►

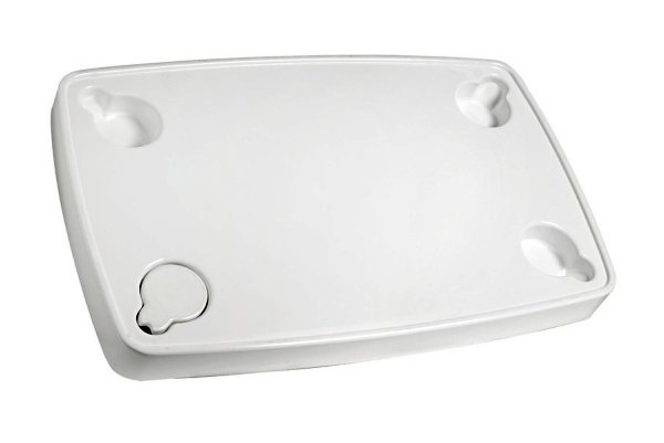 Η επιφάνεια διαθέτει ενσωματωμένες θέσεις για ποτήρια/μπουκάλια στις γωνίες και παρεχόμενο καπάκι ώστε να παραμένει επίπεδη η πάνω επιφάνεια όταν δεν χρησιμοποιούνται. Το τραπέζι πωλείται χωρίς κολόνα/βάση και μπορεί να συνδυαστεί με όλα τα συμβατά στηρίγματα τραπεζιών σκάφους.
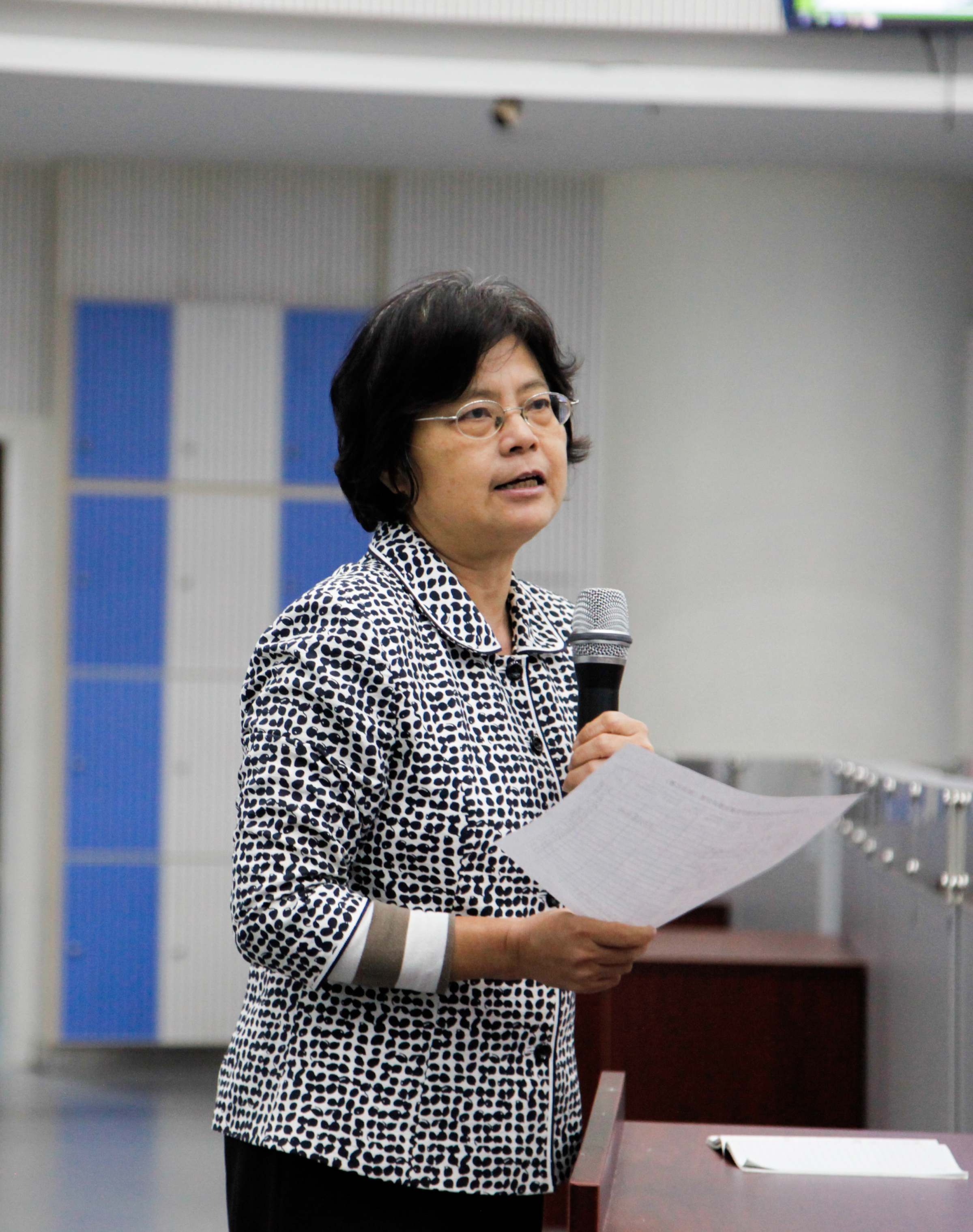 张世君对演讲比赛进行点评。她对我校20青年教师充满激情的演讲予以赞赏。她通过对演讲内容、礼仪、着装以及口语频词等分析指出了教师们演讲中的优点与不足,并对教师们的教学提出了意见和建议。
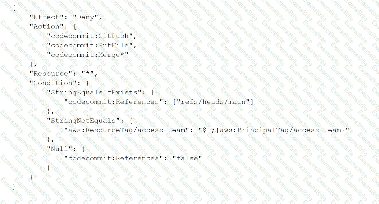 A security audit reveals that the application teams can modify the main branch in any repository. A DevOps engineer must implement a solution that
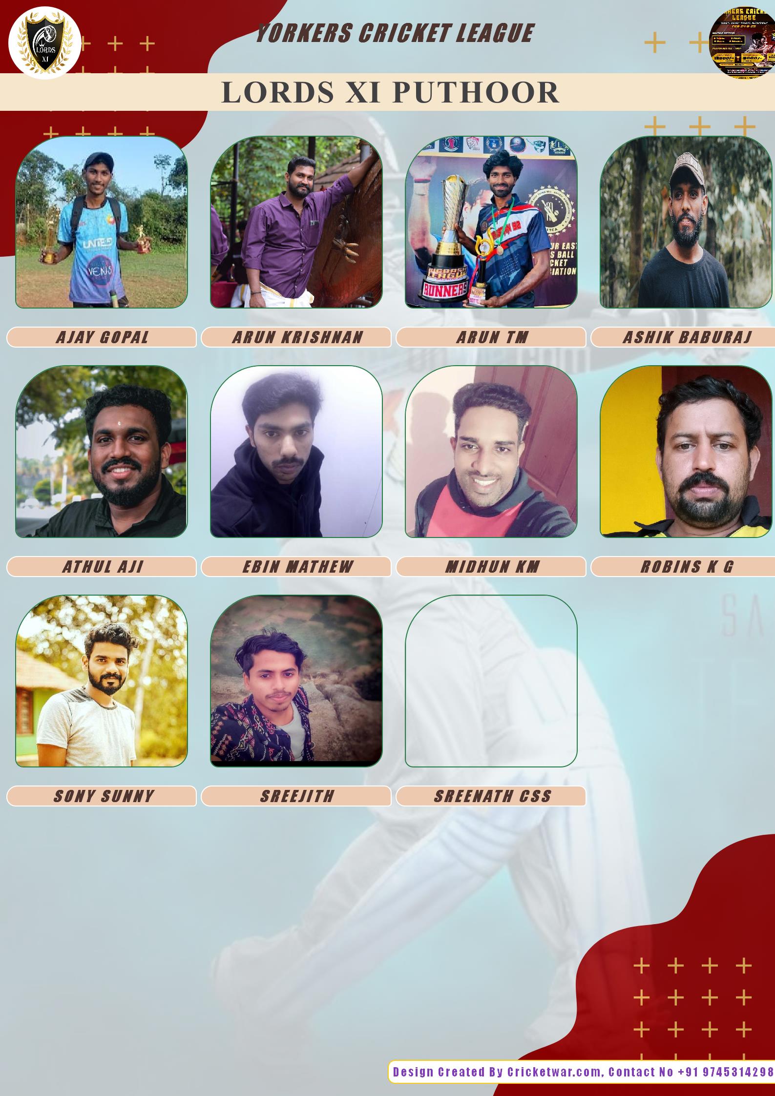 ALLROUNDER, AGE : 33 Bid Amount : 1000 Team : LORDS XI PUTHOOR Download ID Card VIEW PROFILE |
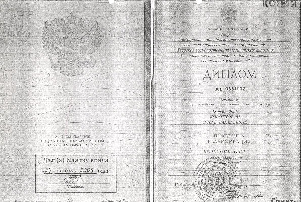 Диплом по специальности «Стоматология», ГОУ высшего профессионального образования «Тверская государственная медицинская академия Федерального агентства по здравоохранению и социальному развитию», г.Тверь;
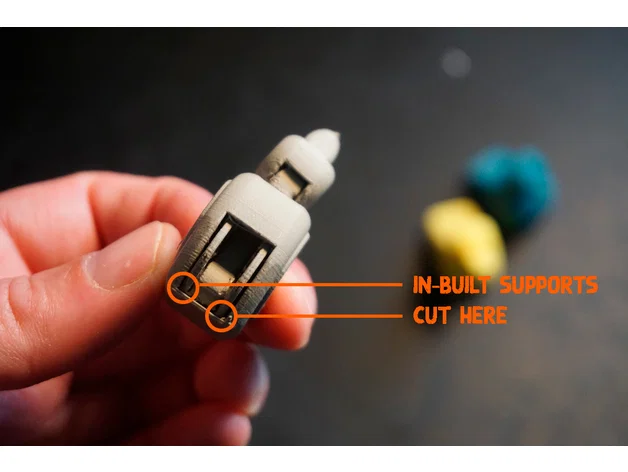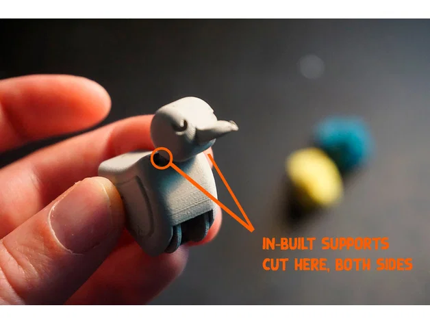 Mô hình này không cần tạo support trong slicer, nhưng sau khi in xong bạn cần loại bỏ vài chi tiết support tích hợp sẵn. Cách xử lý như sau: Dưới bụng con vịt có một mảnh nhỏ rất dễ bẻ gãy. Sau đó xoay nhẹ bánh xe và mài cho nó tròn đều ở vị trí vừa gỡ support. Khi bánh xe đã quay trơn tru, hãy xoay đến vị trí cổ lộ ra hoàn toàn. Bây giờ bạn có thể cẩn thận cắt bỏ phần support ở bên trái và phải của cổ, ngay dưới đầu. Đây có lẽ là bước hơi "khoai" một chút.
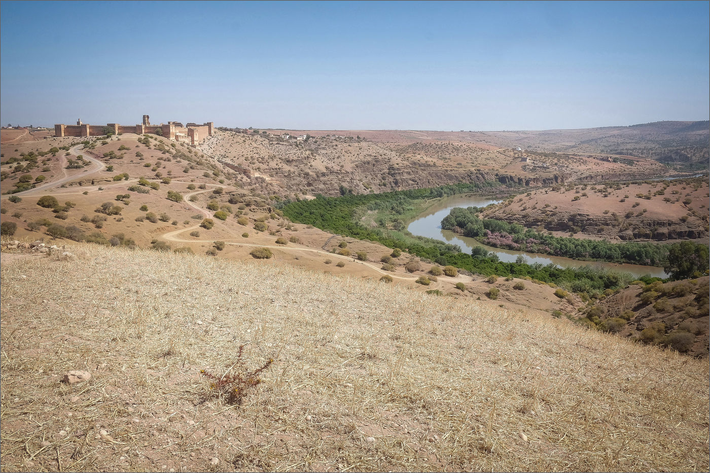The kasbah of Boulaouane... coiled in the meanders of the Oum Errabii river, lost in the folds of my memory. I often heard about it from weekend adventurers and other lovers of good food and wine. One morning I decided to go to this place where none of our usual roads lead. At the borders of the Chaouia and Doukkala plateaus, the signs do not indicate this destination and the GPS leaves you with no information during the last kilometers. The countless holes in the road even make you seriously doubt your sense of direction. But here is finally the ksar of Boulaouane which stands before you on its promontory, proud and beautiful like a label (!)

◄

# What the task asks
Every line of the material must be reproduced verbatim; the pictures are to be omitted.

# Exercise result
 Η επιφάνεια διαθέτει ενσωματωμένες θέσεις για ποτήρια/μπουκάλια στις γωνίες και παρεχόμενο καπάκι ώστε να παραμένει επίπεδη η πάνω επιφάνεια όταν δεν χρησιμοποιούνται. Το τραπέζι πωλείται χωρίς κολόνα/βάση και μπορεί να συνδυαστεί με όλα τα συμβατά στηρίγματα τραπεζιών σκάφους.
 张世君对演讲比赛进行点评。她对我校20青年教师充满激情的演讲予以赞赏。她通过对演讲内容、礼仪、着装以及口语频词等分析指出了教师们演讲中的优点与不足,并对教师们的教学提出了意见和建议。
 A security audit reveals that the application teams can modify the main branch in any repository. A DevOps engineer must implement a solution that
 ALLROUNDER, AGE : 33 Bid Amount : 1000 Team : LORDS XI PUTHOOR Download ID Card VIEW PROFILE |
 Диплом по специальности «Стоматология», ГОУ высшего профессионального образования «Тверская государственная медицинская академия Федерального агентства по здравоохранению и социальному развитию», г.Тверь;
 Mô hình này không cần tạo support trong slicer, nhưng sau khi in xong bạn cần loại bỏ vài chi tiết support tích hợp sẵn. Cách xử lý như sau: Dưới bụng con vịt có một mảnh nhỏ rất dễ bẻ gãy. Sau đó xoay nhẹ bánh xe và mài cho nó tròn đều ở vị trí vừa gỡ support. Khi bánh xe đã quay trơn tru, hãy xoay đến vị trí cổ lộ ra hoàn toàn. Bây giờ bạn có thể cẩn thận cắt bỏ phần support ở bên trái và phải của cổ, ngay dưới đầu. Đây có lẽ là bước hơi "khoai" một chút.
The kasbah of Boulaouane... coiled in the meanders of the Oum Errabii river, lost in the folds of my memory. I often heard about it from weekend adventurers and other lovers of good food and wine. One morning I decided to go to this place where none of our usual roads lead. At the borders of the Chaouia and Doukkala plateaus, the signs do not indicate this destination and the GPS leaves you with no information during the last kilometers. The countless holes in the road even make you seriously doubt your sense of direction. But here is finally the ksar of Boulaouane which stands before you on its promontory, proud and beautiful like a label (!)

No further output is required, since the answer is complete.